Generating Custom Model Parameters

ESPEI’s default parameter selection capabilities support fitting Gibbs energy parameters (G parameters for endmembers, and L parameters for binary and ternary interations) from enthalpy, entropy, and heat capacity data. Using the parameter_generation.fitting_description parameter, ESPEI can support fitting different types of models and data too. For example, the built-in molar volume fitting description can be used to fit molar volume parameters (V0 and VA) to V0 and VM data (see fitting_description in YAML input schema for more details).

Through these fitting descrptions, ESPEI can be extended to fit custom PyCalphad models and model parameters without changing any of the source code for PyCalphad or ESPEI. Here we will implement a PyCalphad model for BCC elastic stiffness coefficients, which can be uniquly described by three independent components of the elastic stiffness matrix due to the cubic symmetry of the BCC phase. We'll then use DFT data from (Marker et al. 2018) to fit these endmember and interaction parameters and compare the result to values in the original publication. At the end of this tutorial, you will have used ESPEI to generated parameters for three types of elastic constant parameters using DFT data from the literature.

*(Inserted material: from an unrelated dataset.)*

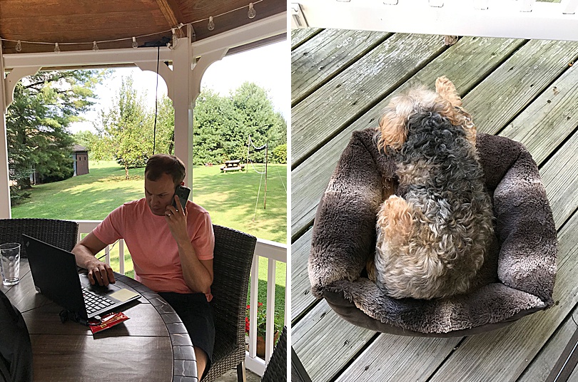 In August Ben’s grandfather turned 95, we went out for his party, but stayed at my parents for a couple of days. We went out Thursday night so then Ben could work remotely on Friday. He had quite the setup outside and even got Sophie to hang out with him.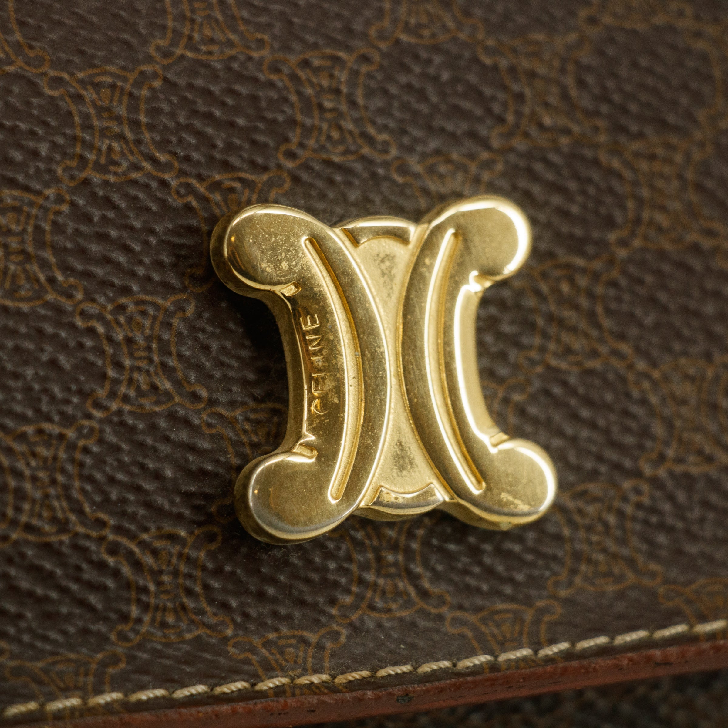 • Celine Macadam Triomphe Brown Leather Boston Bag -SKU #5367

To run ESPEI and generate the output in this tutorial, download the files from GitHub.

Implementing the elastic constant model

Before we can fit parameters to data using ESPEI, we first need a PyCalphad model that can use the parameters. PyCalphad Model objects supports most of the typical Calphad model parameters that are implemented by the commercial Calphad software tools, but here we want to use model parameters that PyCalphad doesn't have built-in support for. The custom_elastic_model.py file contains the implementation of an ElasticModel class that sublasses the PyCalphad Model class:

import tinydb
from pycalphad import Model
class ElasticModel(Model):
    def build_phase(self, dbe):
        super().build_phase(dbe)
        phase = dbe.phases[self.phase_name]
        param_search = dbe.search
        for prop in ['C11', 'C12', 'C44']:
            prop_param_query = (
                (tinydb.where('phase_name') == phase.name) & \
                (tinydb.where('parameter_type') == prop) & \
                (tinydb.where('constituent_array').test(self._array_validity))
                )
            prop_val = self.redlich_kister_sum(phase, param_search, prop_param_query).subs(dbe.symbols)
            setattr(self, prop, prop_val)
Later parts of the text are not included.